Fig. 10: Single-molecule resolution detection of m⁶A reveals co-occurring m⁶A sites and those sites associated with alternative mRNA splicing.

a Schematic of a co-occurring pair of m⁶A sites. The reads mapped to a pair of m⁶A sites were classified into four groups (modified at both, only at the first, only at the second, and in neither of the sites), and the co-occurrence was examined by Fisher’s exact test. b An example of a co-occurring pair of m⁶A sites in SHQ1. The positions of the significantly co-occurring m⁶A sites are shown in red (top left) with m⁶A modification scores of individual reads, categorized into four groups as in a (bottom left). The fraction of reads belonging to each group and the fraction of modified reads at each site are shown (bottom left).

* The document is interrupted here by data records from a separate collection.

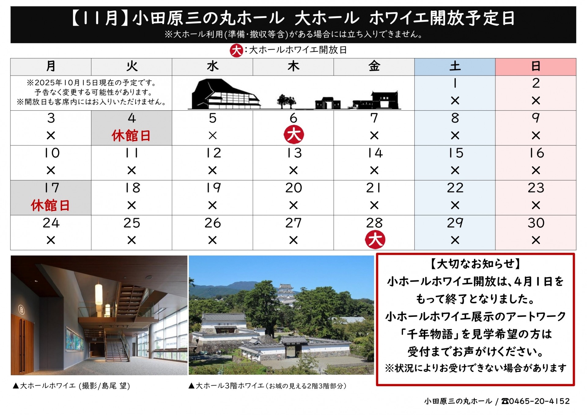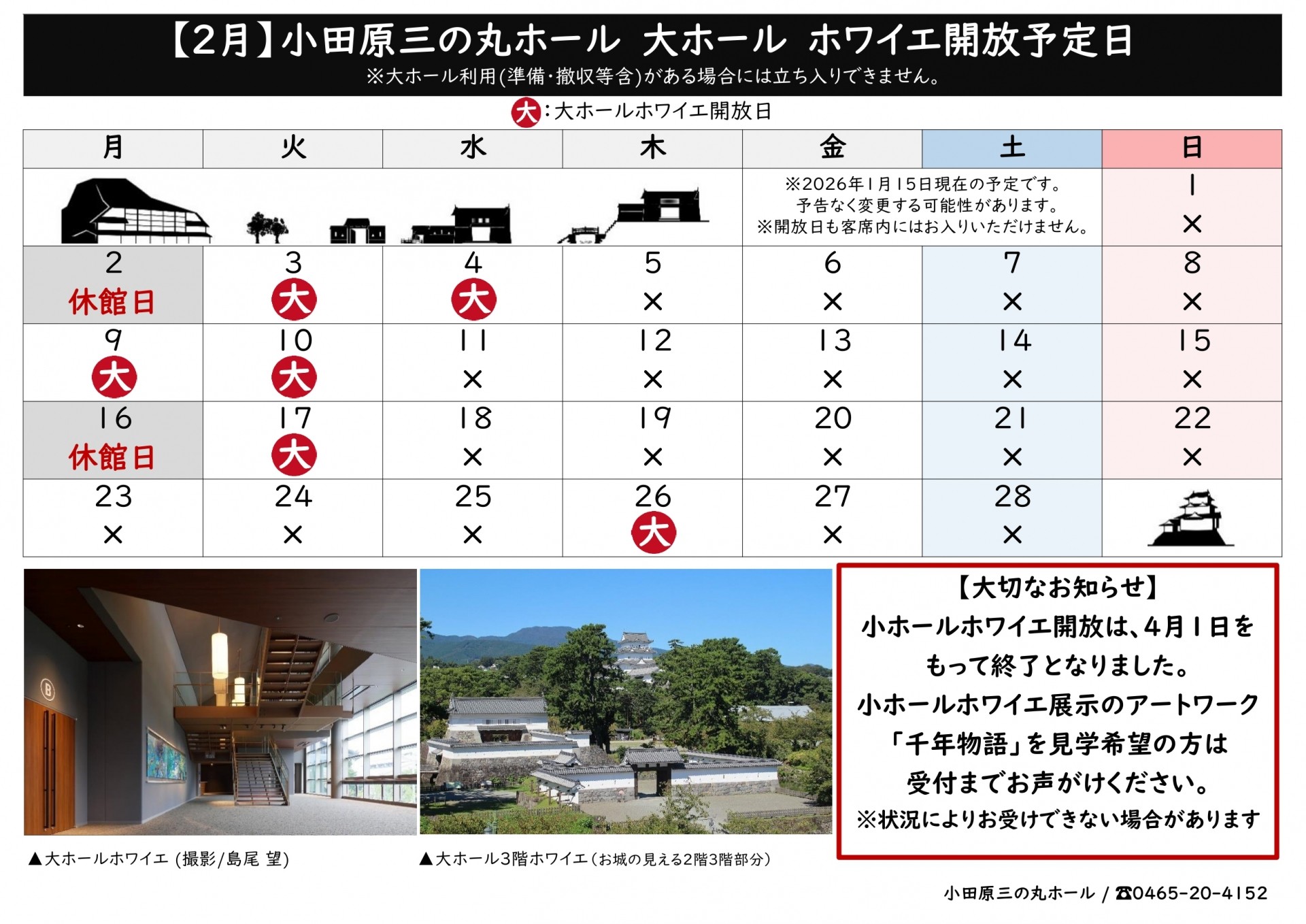 大ホールホワイエでは、2階と3階から小田原城を望むことができるほか、社会福祉法人アール・ド・ヴィーヴル制作作品(寄贈品)を見ることができます。
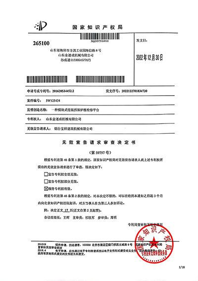 煙臺(tái)寶梓建筑機(jī)械有限公司抄襲的專(zhuān)利(專(zhuān)利號(hào):201820409444.4),于2021年02月01日被國(guó)家知識(shí)產(chǎn)權(quán)局專(zhuān)利復(fù)審委員會(huì)宣告專(zhuān)利權(quán)全部無(wú)效。該公司惡意提起無(wú)效山東金道成機(jī)械有限公司有關(guān)專(zhuān)利的申請(qǐng),經(jīng)過(guò)國(guó)家知識(shí)產(chǎn)權(quán)局專(zhuān)利復(fù)審委員會(huì)的有關(guān)審查程序,根據(jù)《專(zhuān)利法》第46條第1款的規(guī)定,于2022年12月30日對(duì)我公司兩項(xiàng)專(zhuān)利做出宣告專(zhuān)利權(quán)全部有效的審查決定。
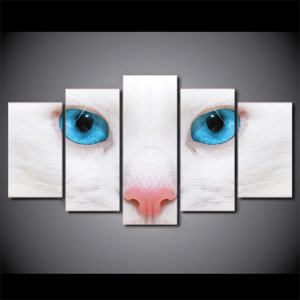 Картины на стену для гостиной, HD печать, 5 шт., Белый Кот, синий, картина с рисунком глаз, в рамке, современные, NY-6961C
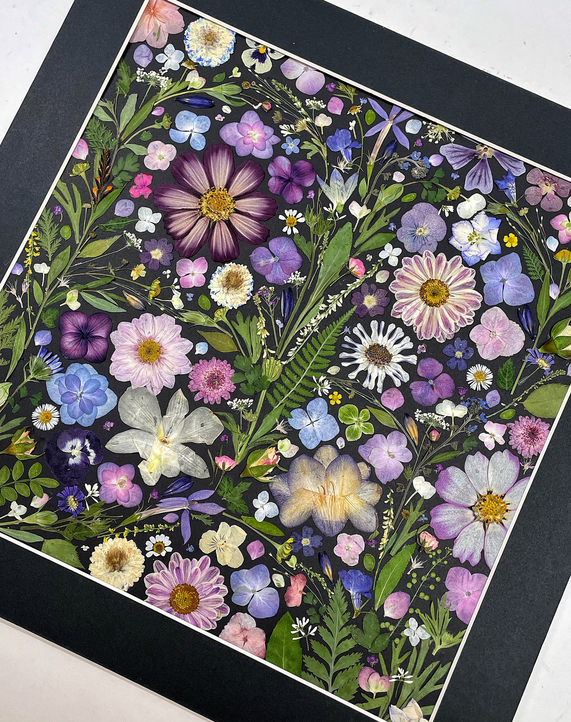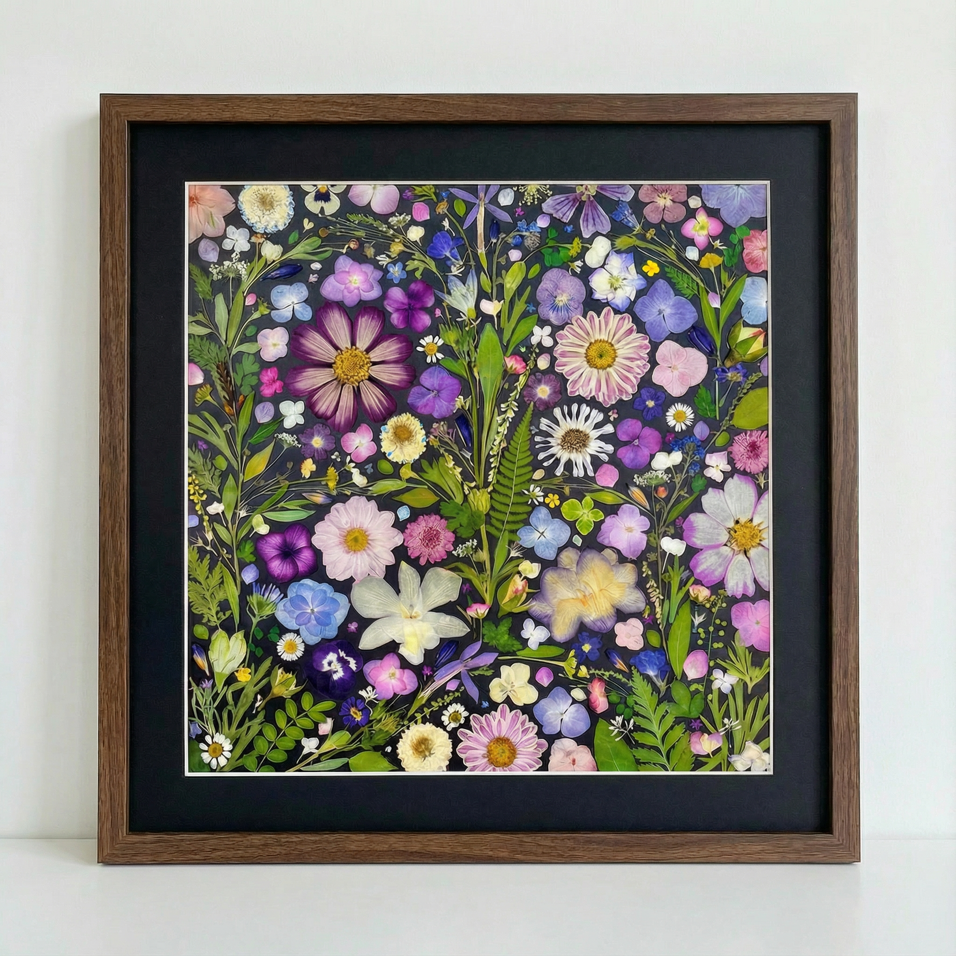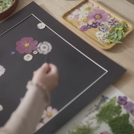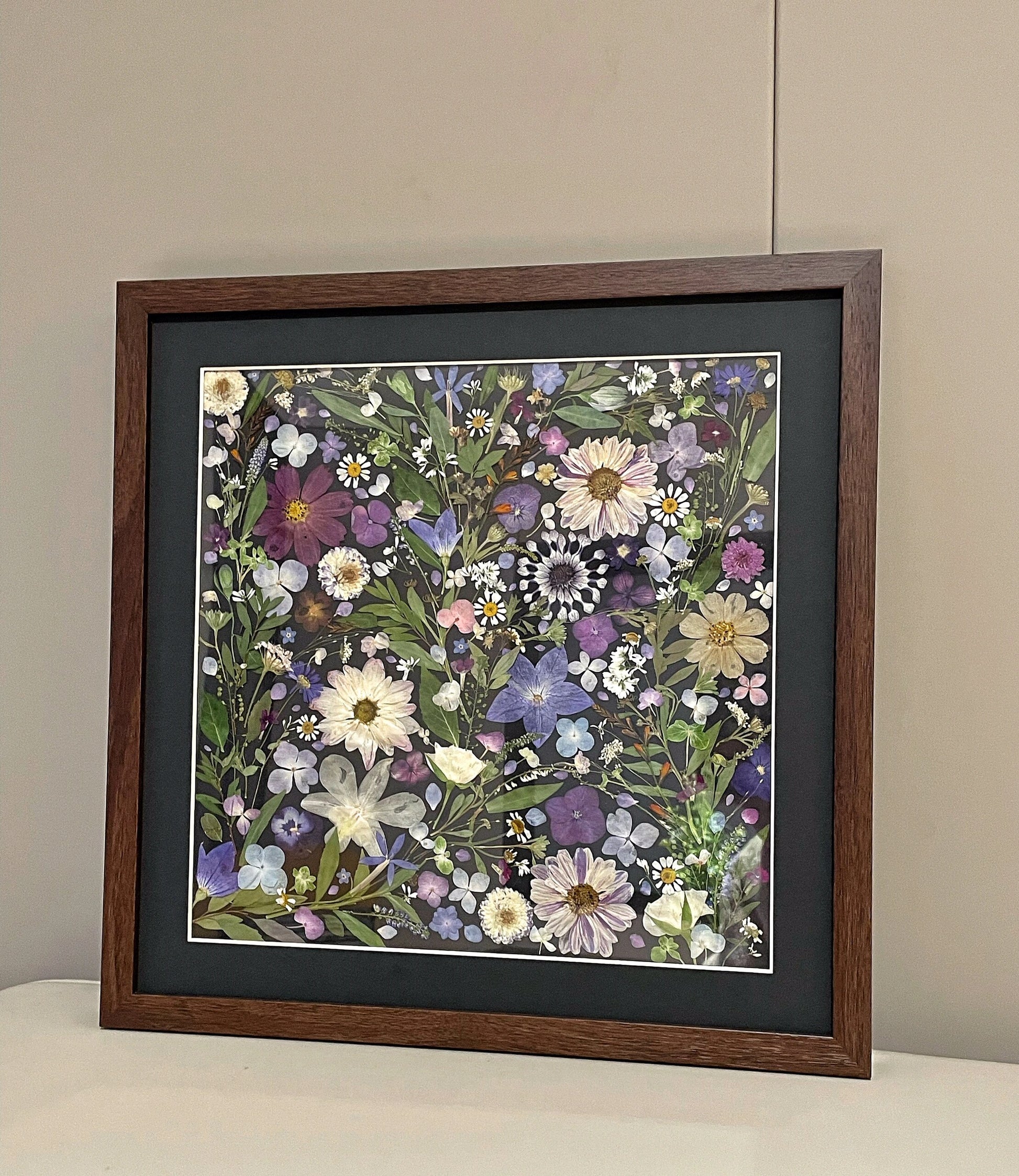 Unsere Floristin arrangiert und klebt sorgfältig getrocknete Blütenblätter auf Hintergrundpapier und kreiert so ein einzigartiges Design. Jedes Blütenblatt stammt von den schönsten saisonalen Blüten, die von unseren erfahrenen Floristen mit größter Sorgfalt ausgewählt wurden.
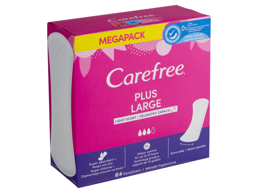 Maximální pohodlí a 100% spolehlivá ochrana při menstruačním cyklu. Dámské hygienické vložky Carefree Large vám během vašich dní zajistí pocit komfortu a jistoty.
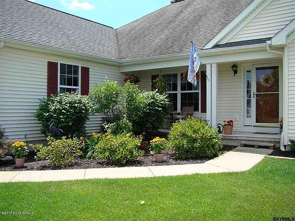 A stunning ranch home that has many additional upgrades & still looks brand-new!Bright & sunny,w/ vaulted ceiling,makes this open floorplan very desirable.HW floors throughout!Ceramic tile bathrooms w/ custom shades.Cozy living room w/ gas fireplace & blower.New granite countertops in the kitchen.Upgraded bump out in the eat in area w/ sliding glass door leading to a generous deck.Private yard backs up to forever wild,giving you privacy when taking a dip in the pool!Sprinkler system & gutters also added!
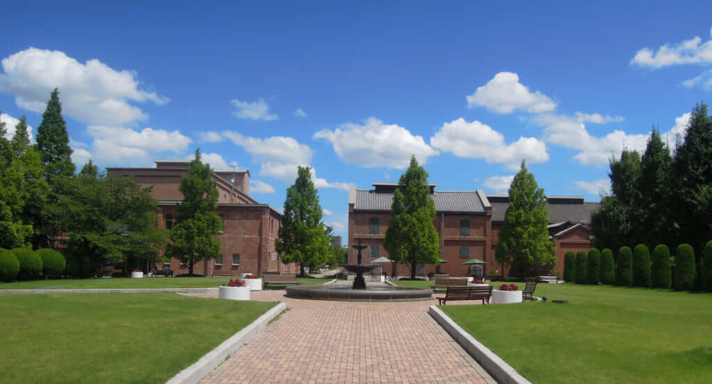 明治時代に建てられた赤レンガ棟と歴史を感じさせる煙突モニュメントは、ノスタルジックな雰囲気を楽しめます。
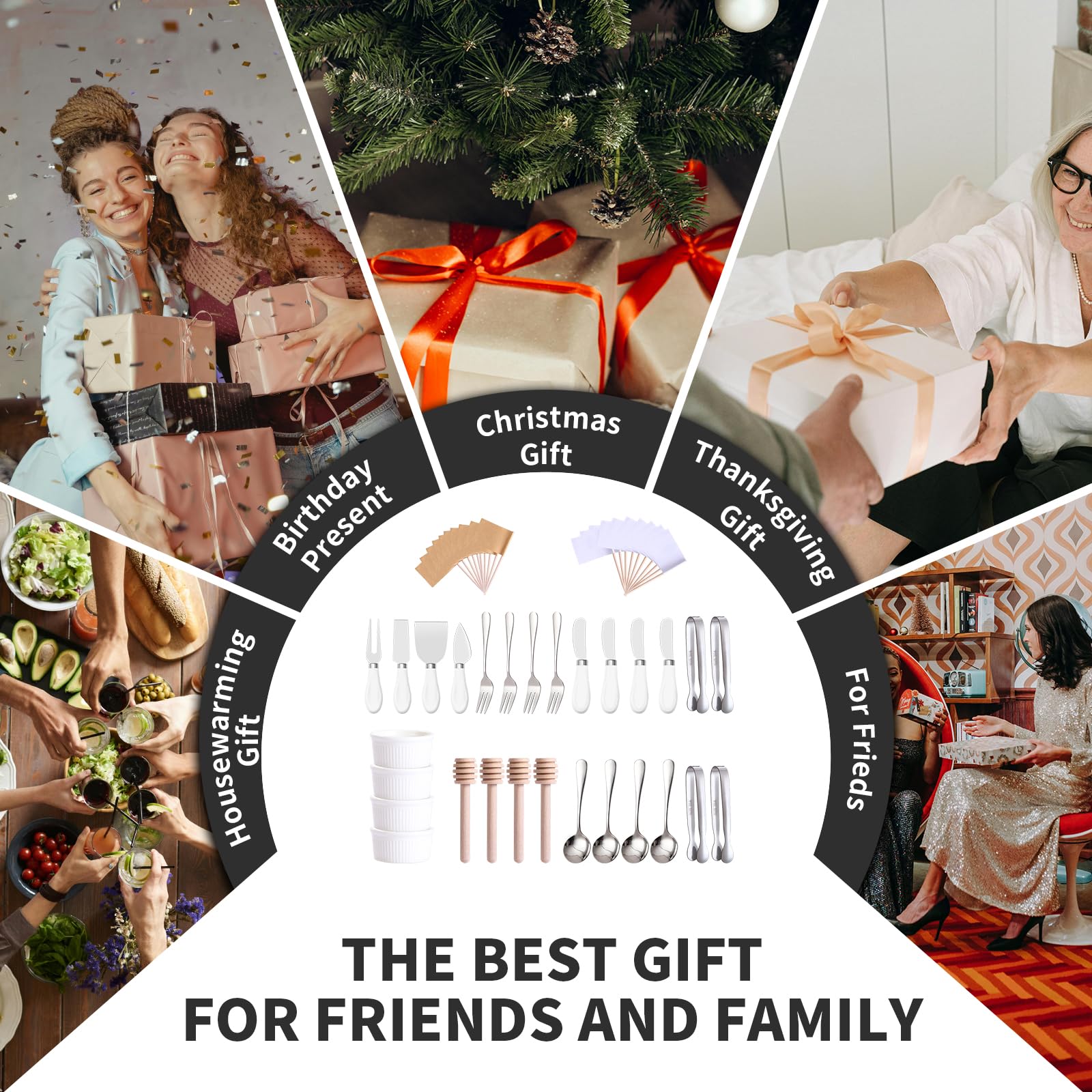 - 【What You'll Receive】 You'll get 8x wooden-handle cheese spreader knives, 4 x charcuterie bowls, 4 x mini forks, 4 x mini spoons, 4 x mini tongs, 4 x wooden honey dippers, 20 x white blank flag cheese markers, and craft paper blank flag cheese markers
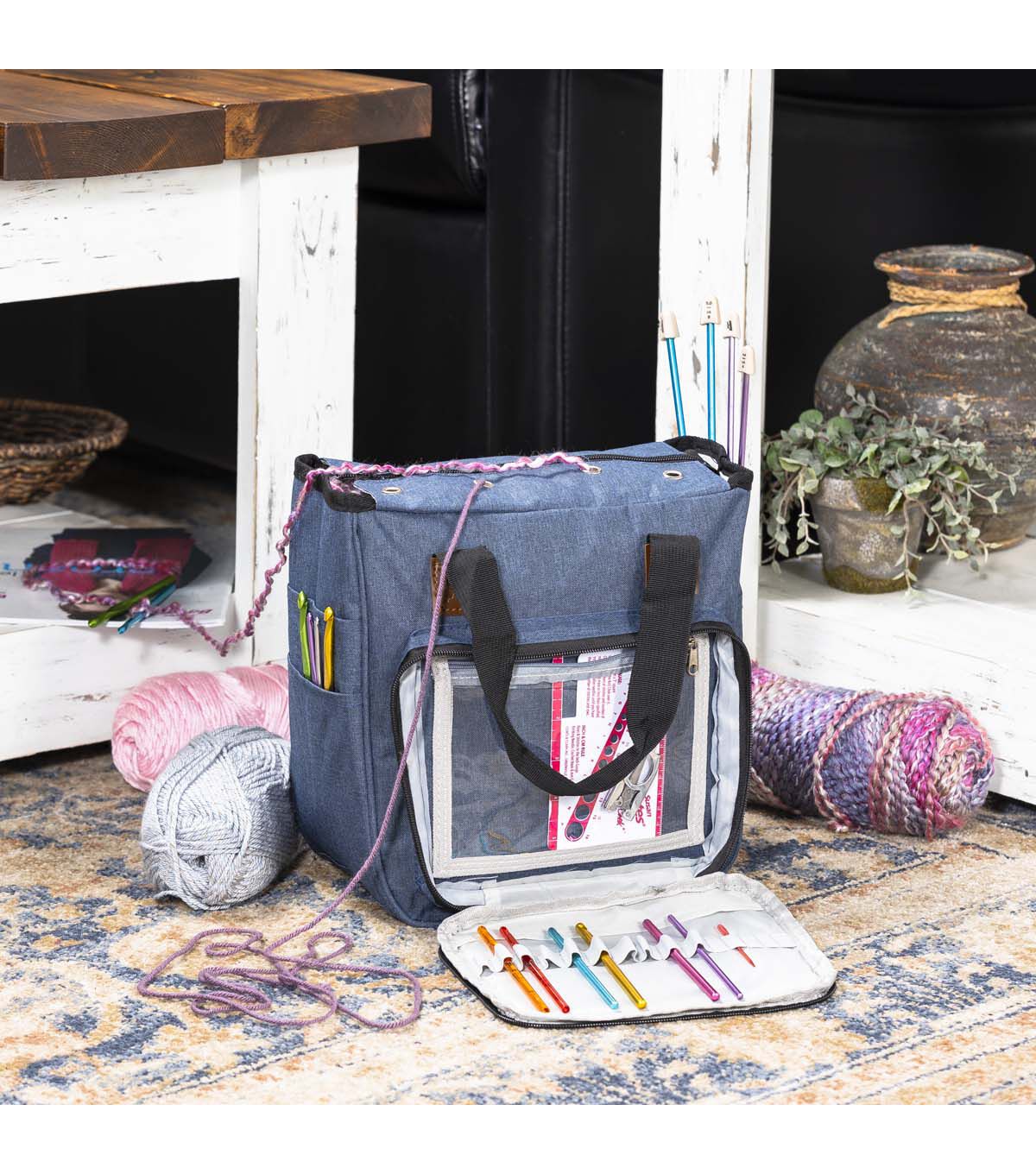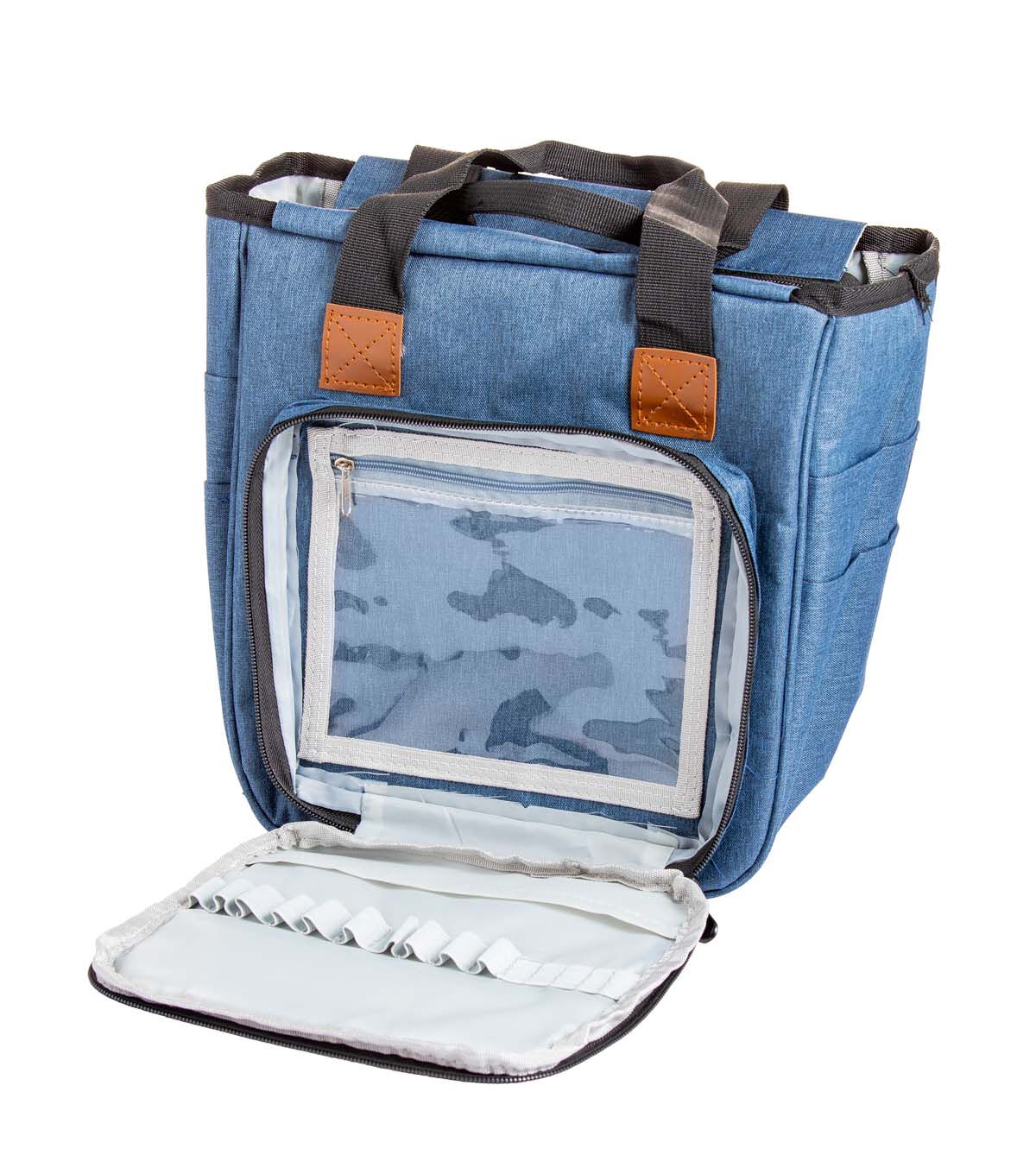 Use the Big Twist All-in-one Vertical Storage Bag - Blue to store your sewing or art and craft supplies. With ample space to accommodate needles, yarn and hooks among others, this storage bag will help save space. Woven from a polyester material, it is sure to last long.
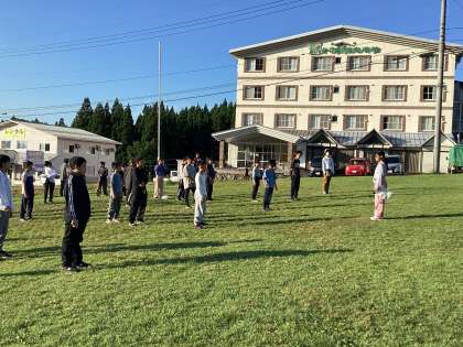 お宿の前の広場で、朝の会とラジオ体操をします。
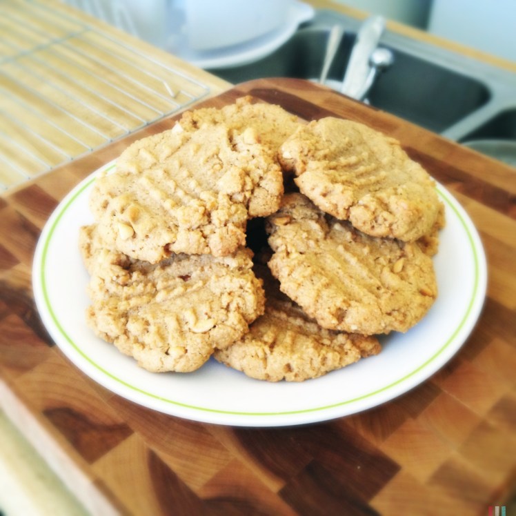 Mmm…peanut butter. Saw these on pinterest & had to try them–they are super easy, delicious & flour-free! Here’s the original posting.

The numbers of reads classified based on modification status at the two co-occurring sites are shown (right) with the q-value from Fisher’s exact test with Benjamini-Hochberg correction. c Schematic of an exon skipping-associated m⁶A site. Each read was classified into either exon-included (yellow) or exon-skipped (green) group, and subsequently classified into either modified or unmodified group. The association between m⁶A and exon skipping was examined by Fisher’s exact test. d An example of an exon skipping-associated m⁶A site in TPT1. The read depth of the two types of isoforms generated by exon skipping is shown with the positions of m⁶A sites in red (top). The transcript structures are shown in the middle genomic track with the per-read m⁶A modification scores of individual reads, categorized as in (c) (bottom). 50 reads were randomly subsampled from each group, either exon-included (yellow) or exon-skipped (green), for visualization. The fractions of modified and unmodified reads in each type of isoforms are shown with the q-value from Fisher’s exact test with Benjamini-Hochberg correction.